Work task
Your copy should match the records below exactly, except for the pictures.

[Records excerpted from a collection]
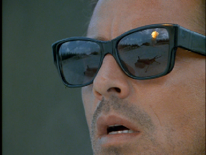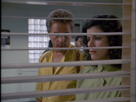 Then we see the opening montage. This is the 7th variation of the montage that we see (not counting slight differences in length of segments and differing colors on the Miami Vice logo). This is very similar to what will become the standard season 3 opening montage but instead of seeing the Testarossa on Collins Ave., we see a cut of Bal Harbor.
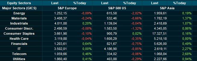 De Europese sectoren hielden het wat meer bescheiden, al gingen telecom (+0,5%), nutsbedrijven (+0,4%) en financials (+0,6%) wel met winst de dag uit.
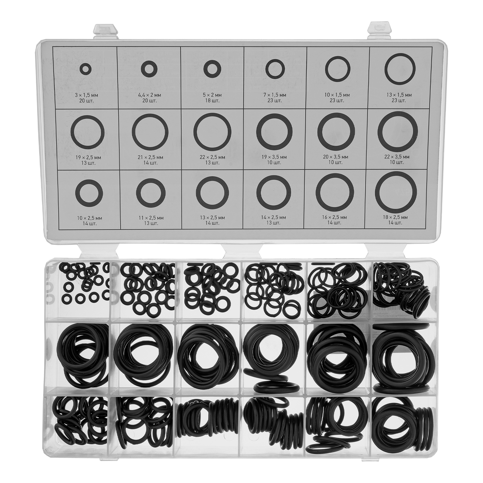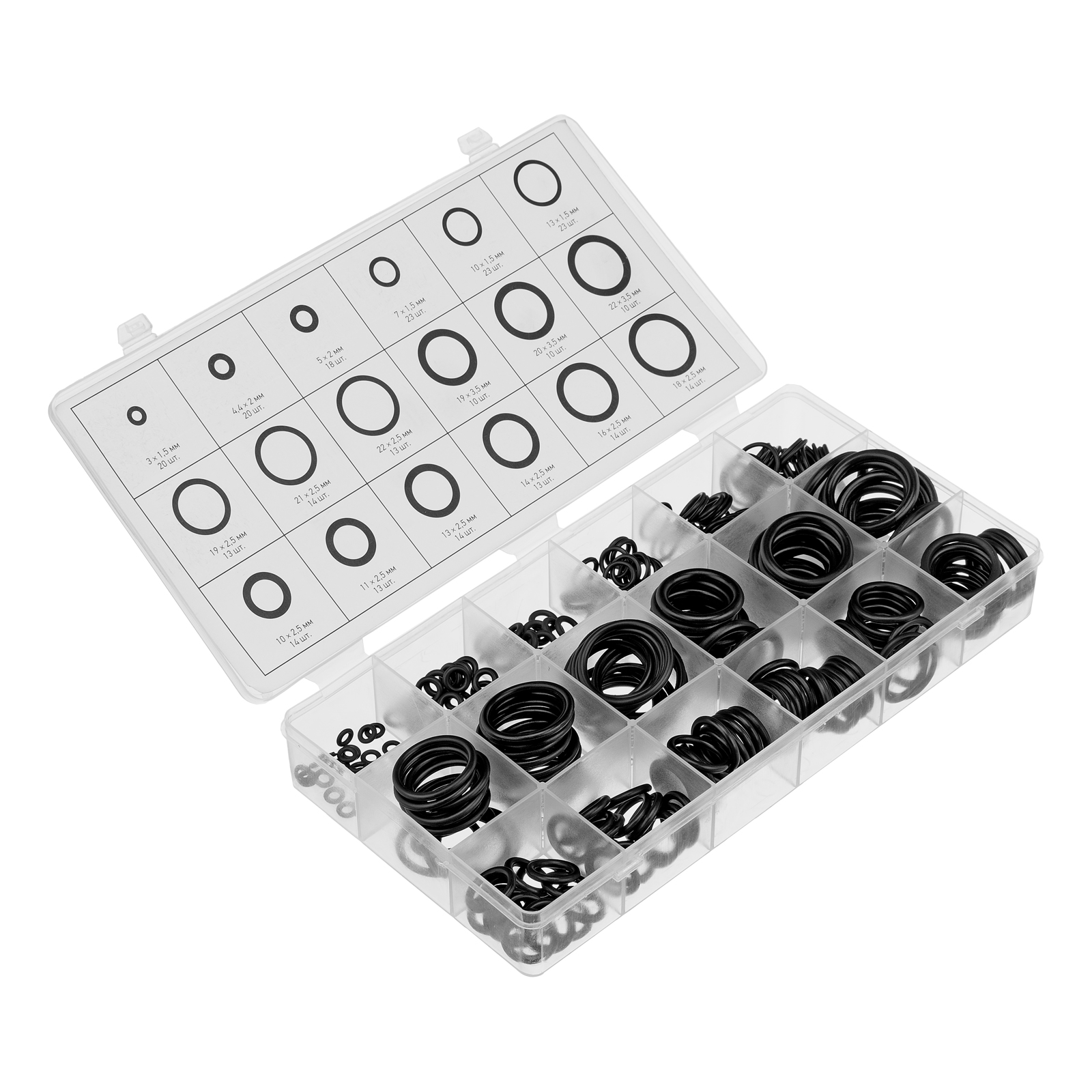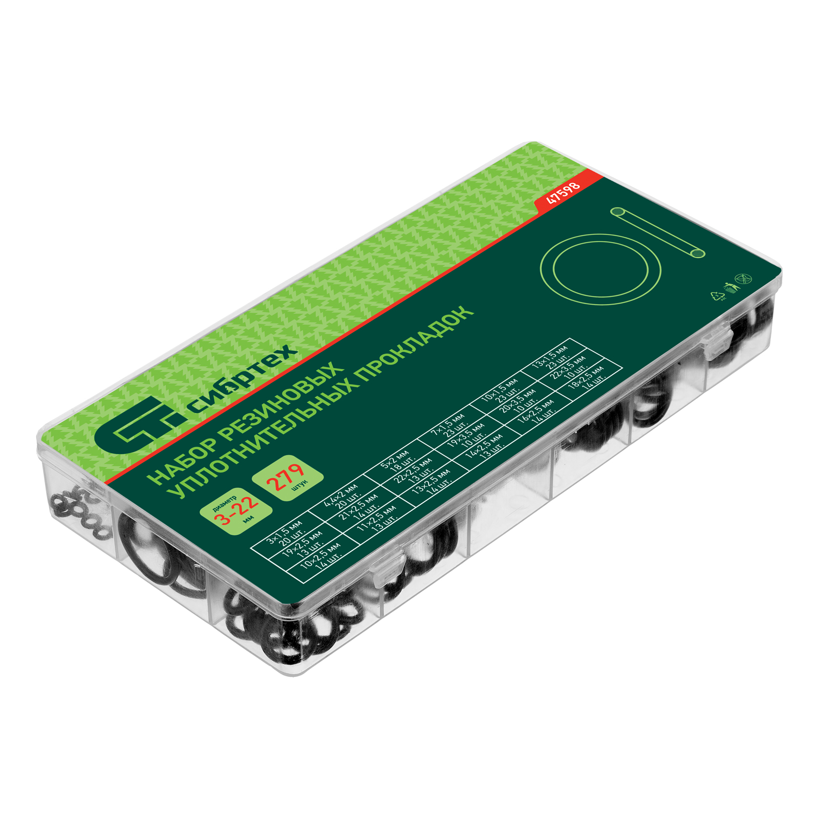 Набор Сибртех 47598 состоит из 279 резиновых уплотнительных прокладок с наружным диаметром от 3 до 22 мм и используется для создания герметичных конструкций. Позволяет решать широкий спектр задач, т. к. включает кольца наиболее часто встречающихся размеров. Прокладки используют для сантехнических и других ремонтных работ, а также в качестве уплотнительных резинок для автомобиля.
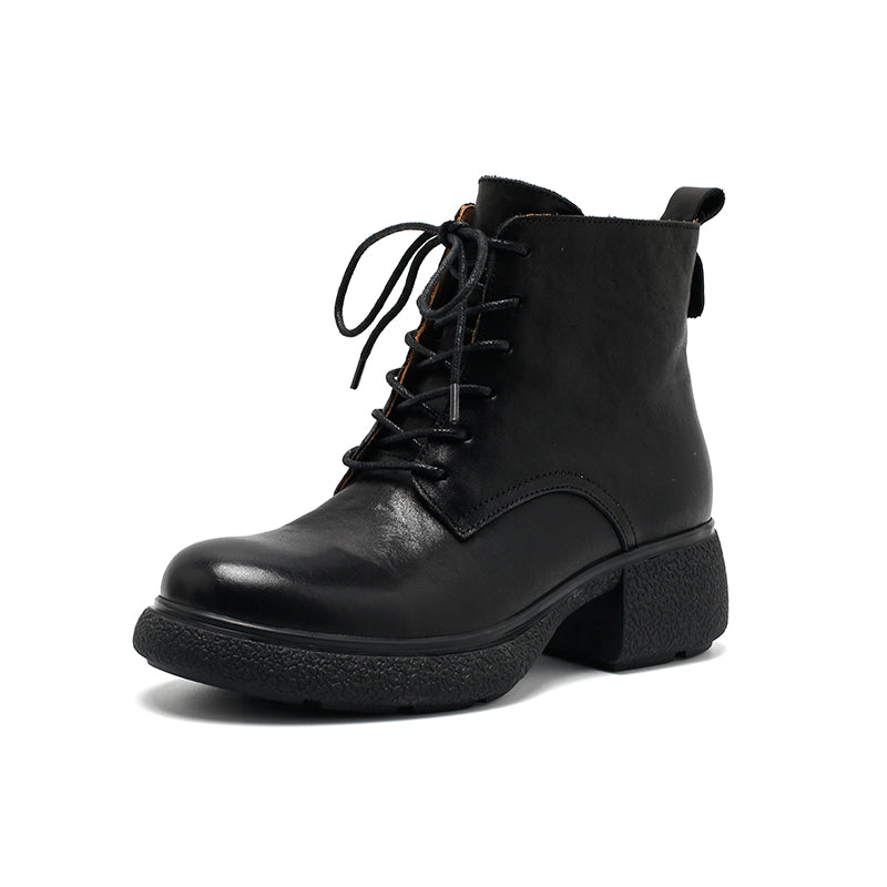 Handcrafted from premium full-grain vegetable tanned cowhide leather, these Dwarves lace-up Martin boots combine vintage charm with everyday comfort. Designed with a 50mm chunky block heel and side zip for easy wear, they offer both height and stability. The high-elastic rubber sole is soft, non-slip, and wear-resistant, ensuring long-lasting durability. Lined with short plush or cow leather for warmth and comfort, these short boots deliver a timeless, handcrafted look that’s perfect for casual or urban wear.
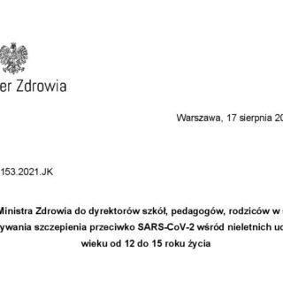 Do pobrania: List Ministra Zdrowia do dyrektorów szkół, pedagogów, rodziców w sprawie wykonywania szczepienia przeciwko SARS-CoV-2 wśród nieletnich uczniów w wieku od 12 do 15 roku życia -> pobierz
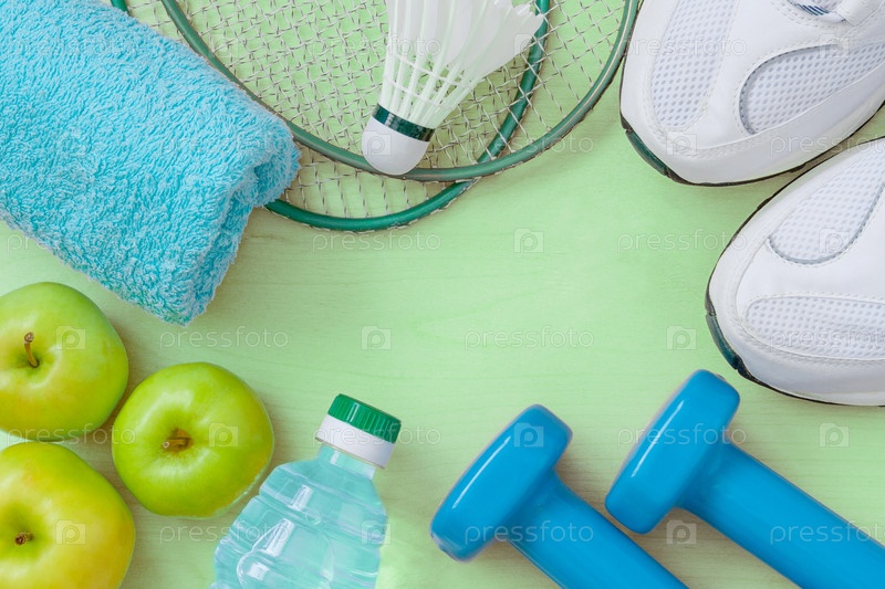 Атрибуты здорового образа жизни: еда, спорт или снаряжение спортсмена на ярком фоне. Вид сверху с копировальным пространством
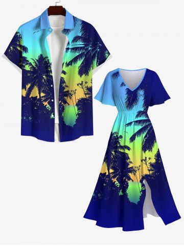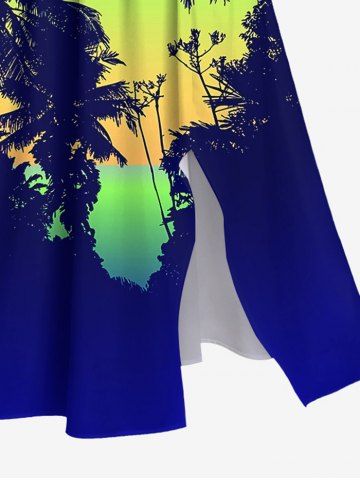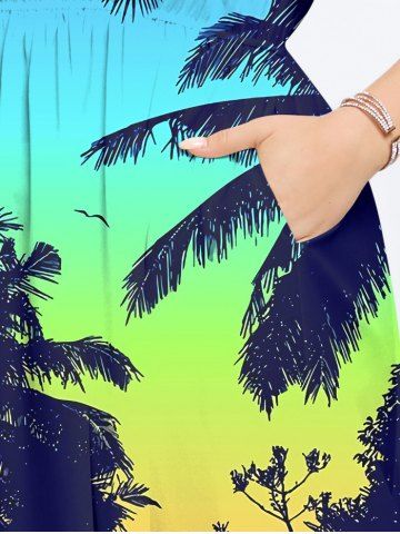 Plus Size Coconut Tree Bird Ombre Print Pocket Split Hawaii Dress - Blue - S
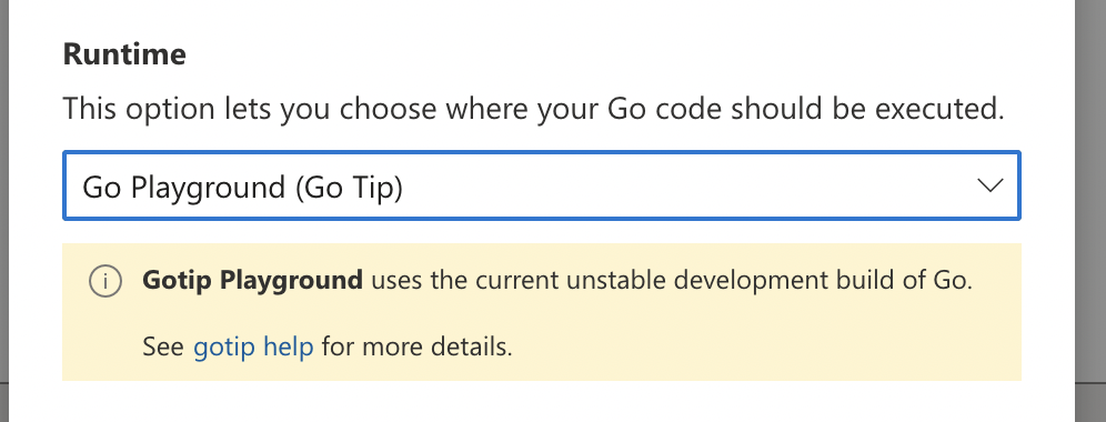 Add support of gotipplay.golang.org backend for running code using experimental Go versions.
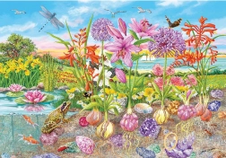 Ogni puzzle cattura un diverso aspetto della primavera e del giardino — dai fiori in piena fioritura alla vita attorno allo stagno. Ideale per gli amanti delle illustrazioni ricche di dettagli.
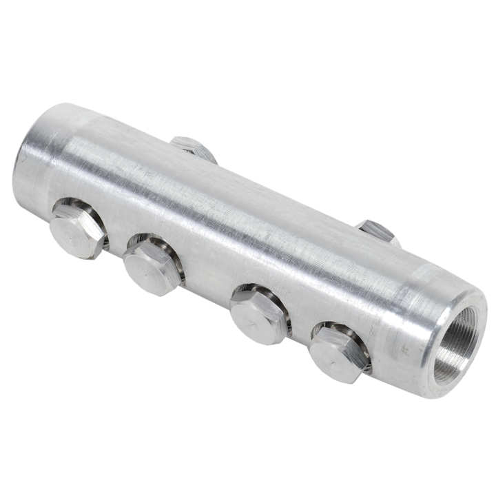 - У соединителей ГС срывные болты расположены в разных плоскостях под углом 180° друг к другу. В сравнении с расположением болтов с одной стороны, прижим кабельной жилы с разных сторон обеспечивает более надежную фиксацию проводника и увеличивает пятно электрического контакта. В зависимости от сечения жилы количество болтов варьируется от 5 до 10.
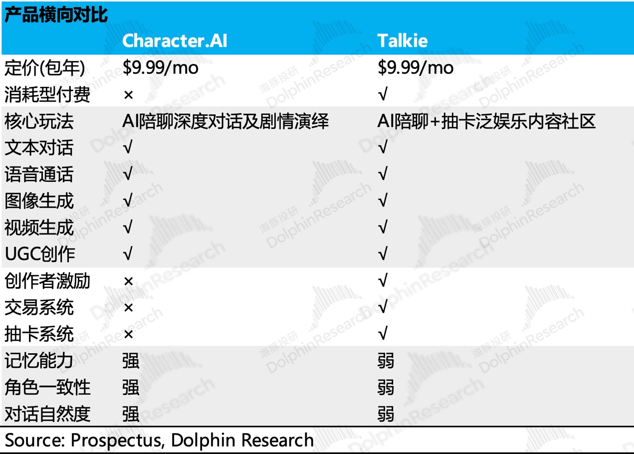 同时公司通过虚拟卡、礼物等产品设计,让 Talkie/星野不仅仅像是 AI 聊天工具,更像是融合了「陪伴 + 游戏 + 社交 + 交易」的社区娱乐平台。
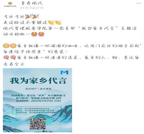 “举头望明月,低头思故乡”,我们的那一份份乡愁,就如《静夜思》中的明月眷念大地一般,家乡是我们魂牵梦绕的精神家园,承载着我们美好的回忆。为了让大家更好地表达对家乡的思念与眷恋,积极分享家乡的美景美食,弘扬家乡文化,现代服务管理学院于5月19日至5月22日通过线上举行“我为家乡代言”主题活动。

Reply
 Then we see the opening montage. This is the 7th variation of the montage that we see (not counting slight differences in length of segments and differing colors on the Miami Vice logo). This is very similar to what will become the standard season 3 opening montage but instead of seeing the Testarossa on Collins Ave., we see a cut of Bal Harbor.
 De Europese sectoren hielden het wat meer bescheiden, al gingen telecom (+0,5%), nutsbedrijven (+0,4%) en financials (+0,6%) wel met winst de dag uit.
 Набор Сибртех 47598 состоит из 279 резиновых уплотнительных прокладок с наружным диаметром от 3 до 22 мм и используется для создания герметичных конструкций. Позволяет решать широкий спектр задач, т. к. включает кольца наиболее часто встречающихся размеров. Прокладки используют для сантехнических и других ремонтных работ, а также в качестве уплотнительных резинок для автомобиля.
 Handcrafted from premium full-grain vegetable tanned cowhide leather, these Dwarves lace-up Martin boots combine vintage charm with everyday comfort. Designed with a 50mm chunky block heel and side zip for easy wear, they offer both height and stability. The high-elastic rubber sole is soft, non-slip, and wear-resistant, ensuring long-lasting durability. Lined with short plush or cow leather for warmth and comfort, these short boots deliver a timeless, handcrafted look that’s perfect for casual or urban wear.
 Do pobrania: List Ministra Zdrowia do dyrektorów szkół, pedagogów, rodziców w sprawie wykonywania szczepienia przeciwko SARS-CoV-2 wśród nieletnich uczniów w wieku od 12 do 15 roku życia -> pobierz
 Атрибуты здорового образа жизни: еда, спорт или снаряжение спортсмена на ярком фоне. Вид сверху с копировальным пространством
 Plus Size Coconut Tree Bird Ombre Print Pocket Split Hawaii Dress - Blue - S
 Add support of gotipplay.golang.org backend for running code using experimental Go versions.
 Ogni puzzle cattura un diverso aspetto della primavera e del giardino — dai fiori in piena fioritura alla vita attorno allo stagno. Ideale per gli amanti delle illustrazioni ricche di dettagli.
 - У соединителей ГС срывные болты расположены в разных плоскостях под углом 180° друг к другу. В сравнении с расположением болтов с одной стороны, прижим кабельной жилы с разных сторон обеспечивает более надежную фиксацию проводника и увеличивает пятно электрического контакта. В зависимости от сечения жилы количество болтов варьируется от 5 до 10.
 同时公司通过虚拟卡、礼物等产品设计,让 Talkie/星野不仅仅像是 AI 聊天工具,更像是融合了「陪伴 + 游戏 + 社交 + 交易」的社区娱乐平台。
 “举头望明月,低头思故乡”,我们的那一份份乡愁,就如《静夜思》中的明月眷念大地一般,家乡是我们魂牵梦绕的精神家园,承载着我们美好的回忆。为了让大家更好地表达对家乡的思念与眷恋,积极分享家乡的美景美食,弘扬家乡文化,现代服务管理学院于5月19日至5月22日通过线上举行“我为家乡代言”主题活动。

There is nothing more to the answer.